I'm using OWIN but you should be able to do something similarly.
context.OwinContext.Response.Headers.Add("Access-Control-Allow-Origin", new[] { "*" });
try adding the policy in your OWIN startup class as below. Just keep in mind that the Startup class might have some different class files since it's a partial class. Also, check ConfigureAuth method to see if everything is set according to your needs there. For instance, you set the external signin cookie of Identity as copied below in ConfigureAuth method to allow External Signin Cookeies like facebook and google.

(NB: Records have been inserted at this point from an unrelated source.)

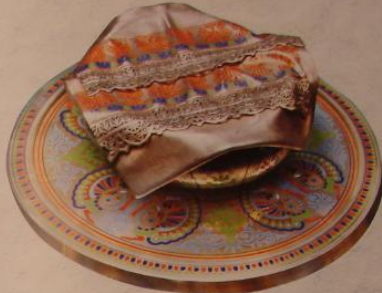
Серебряная чаша, выкованная в технике перегородчатой эмали с криной стилизованной под золотом. Изготовлена в честь Столетия Лейб-Гвардии Казачьего полка в 1875 г. Выпущена в Санкт-Петербурге под руководством Дмитрия С. В. Павлова (Павловича). 1874 г.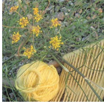
Bronsfänkål Foeniculum vulgare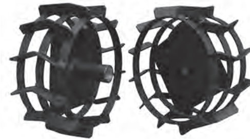
ГРУНТОЗАЦЕПЫ ШИРОКИЕ — АРТИКУЛ ДЛЯ ЗАКАЗА: C3001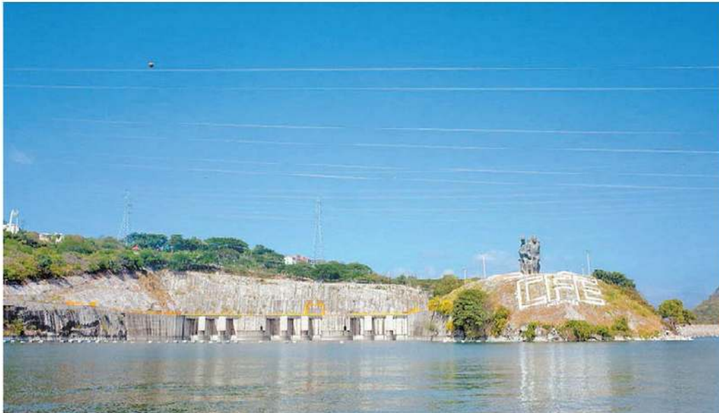
La medida pone en primer lugar las plantas hidroeléctricas de la comisión.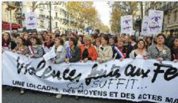
Aurevoir Mesdemoiselles, bonjour Mesdames et Messieurs...

Salaires bien plus faibles (de 27 % inférieurs à ceux des hommes), prédominance des emplois précaires (occupés à 80 % par des femmes), monopole des tâches ménagères, violences conjugales (une femme sur dix en est victime) : on est vraiment loin d'une égalité réelle entre femmes et hommes. Alors, à quand des changements en profondeur ? Candidate des écologistes, Eva Joly défend de son côté la création d'un ministère de l'Égalité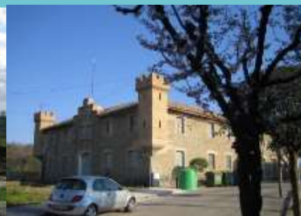
Jaciment i museu arqueològic de l'Esquerda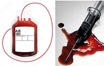
Parenteral – transfusão de sangue e compartilhamento de seringas ou perfurocortantes infectados.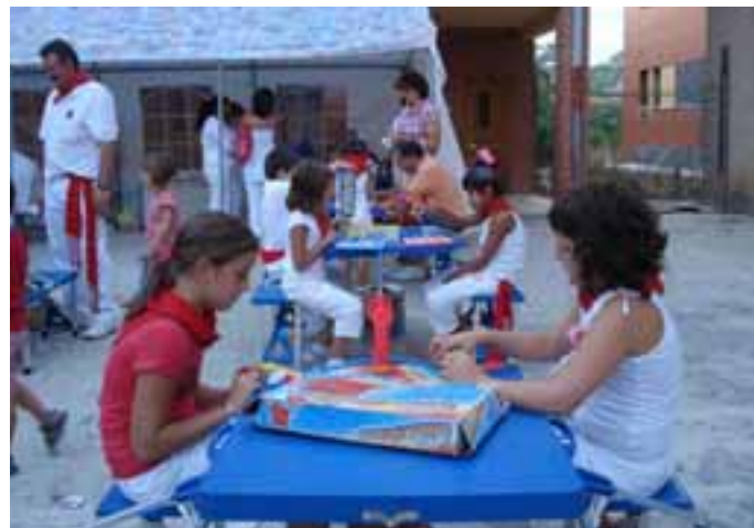
Los niños tuvieron diferentes actividades estas fiestas.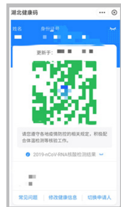
湖北健康码页面截图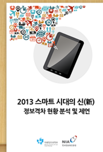
2013 스마트시대의 신(新) 정보격차 현황 분석 및 제언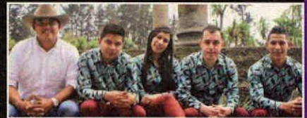
ONDA NUEVA LLANERA

Ya es un viejo conocido de este espacio musical. Desde 1988, el grupo bogotano ha participado en diversos certámenes del Festival con gran éxito. Se destaca por sus delicados toques de piano, tiple y contrabajo; un formato llamativo en la música andina colombiana.

public void Configuration(IAppBuilder app)
{
//
app.UseCors(CorsOptions.AllowAll);
ConfigureAuth(app);
}
app.UseExternalSignInCookie(Microsoft.AspNet.Identity.DefaultAuthenticationTypes.ExternalCookie);
I finally got this to work.
In the ASP.NET Identity site I have the following:
// configure OAuth for login
app.UseCookieAuthentication(new CookieAuthenticationOptions {
AuthenticationType = DefaultAuthenticationTypes.ApplicationCookie,
Provider = new CookieAuthenticationProvider(),
LoginPath = new PathString("/Account/Login.aspx"),
CookieName = ".TESTAUTH",
CookieDomain = ".test.com",
CookieSecure = CookieSecureOption.Always
});
It seems that the important part on the ASP.NET Identity site is that the "CookieName, CookieDomain, and the Machine Key" must match the one on the OData site.

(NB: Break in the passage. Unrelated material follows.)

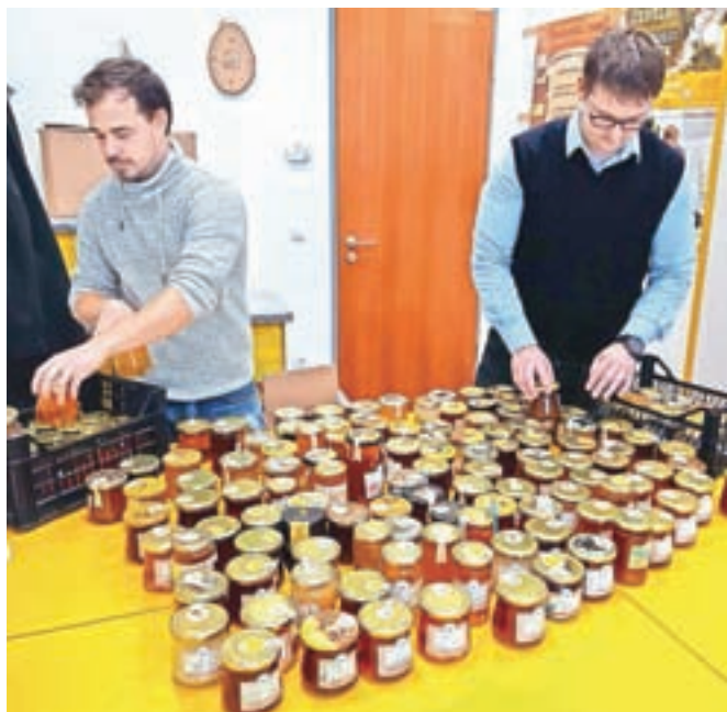
Med so zbirali v Čebelarškem razvojno izobraževalnem centru Gorenjske.

kovna sodelavka z Rdečega križa, Območnega združenja Radovljica, je prepričana, da so čebelarji marsikateri družini vsaj nekoliko polepšali praznične dni: "Hvala vsem čebelarjem, ki so prispevali med in s tem osrečili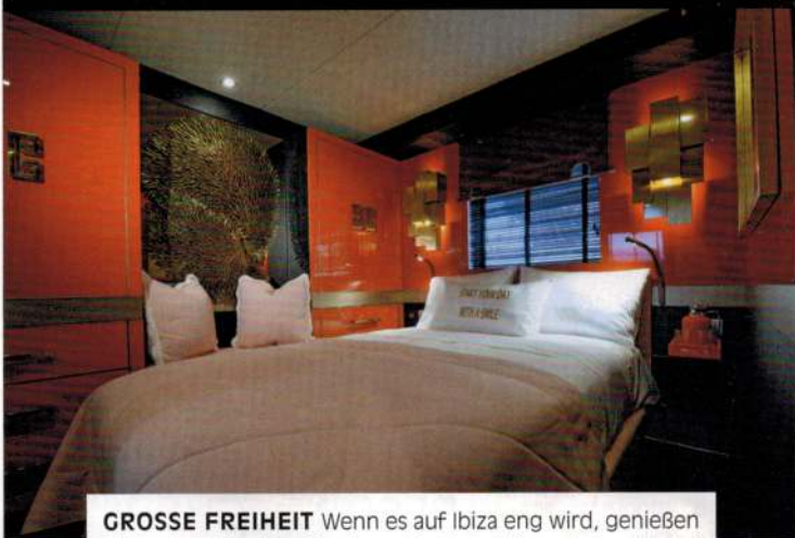
GROSSE FREIHEIT Wenn es auf Ibiza eng wird, genießen Gäste des „Floating Boutique Hotel Goldfinger“ den Vorteil der fließenden Platzwahl. Das 160 Quadratmeter große Luxushausboot kann seinen Mooringplatz in der Cappuccino Marina jederzeit verlassen, um ungebunden im Meer zu treiben. Ab 4200 €/Nacht inklusive Frühstück, Skipper, Concierge-Service; Hotelgoldfinger.com.

SCHLAU: DER TASCHEN- ANHÄNGER „ADERO“ GIBT LAUT, WENN NICHT ALLE ZUVOR MARKIERTEN OBJEKTE BEIM VERLASSEN DES HOTELS EINGEPACKT SIND. ADERO.COM

And then on the OData site I have the following:
// configure OAuth for login
app.UseCookieAuthentication(new CookieAuthenticationOptions {
AuthenticationType = DefaultAuthenticationTypes.ApplicationCookie,
Provider = new CookieAuthenticationProvider { OnApplyRedirect = ApplyRedirect },
LoginPath = new PathString("/Account/Login.aspx"),
CookieName = ".TESTAUTH",
CookieDomain = ".test.com",
CookieSecure = CookieSecureOption.Always
});
// build the configuration for web api
HttpConfiguration config = new HttpConfiguration();
// Enable CORS (Cross-Origin Resource Sharing) for JavaScript / AJAX calls
// NOTE: USING ALL "*" IS NOT RECOMMENDED
var cors = new Http.Cors.EnableCorsAttribute("*", "*", "*");
config.EnableCors(cors);
// call the web api startup
WebApiConfig.Register(config);
app.UseWebApi(config);
private void ApplyRedirect(CookieApplyRedirectContext context)
{
Uri absoluteUri = null;
if (Uri.TryCreate(context.RedirectUri, UriKind.Absolute, absoluteUri))
{
var path = PathString.FromUriComponent(absoluteUri);
if (path == context.OwinContext.Request.PathBase + context.Options.LoginPath)
{
QueryString returnURI = new QueryString(context.Options.ReturnUrlParameter, context.Request.Uri.AbsoluteUri);
context.RedirectUri = "https://www.test.com/Account/Login.aspx" + returnURI.ToString;
}
}
context.Response.Redirect(context.RedirectUri);
}
The "LoginPath" is required even though it does not exist on the OData site and you can't use a full url to another site for the login path.
I used "OnApplyRedirect" to redirect to the actual Login page.
I'm not sure what the difference is between "config.EnableCors" and "app.UseCors" but the EnableCors seems to be working for now.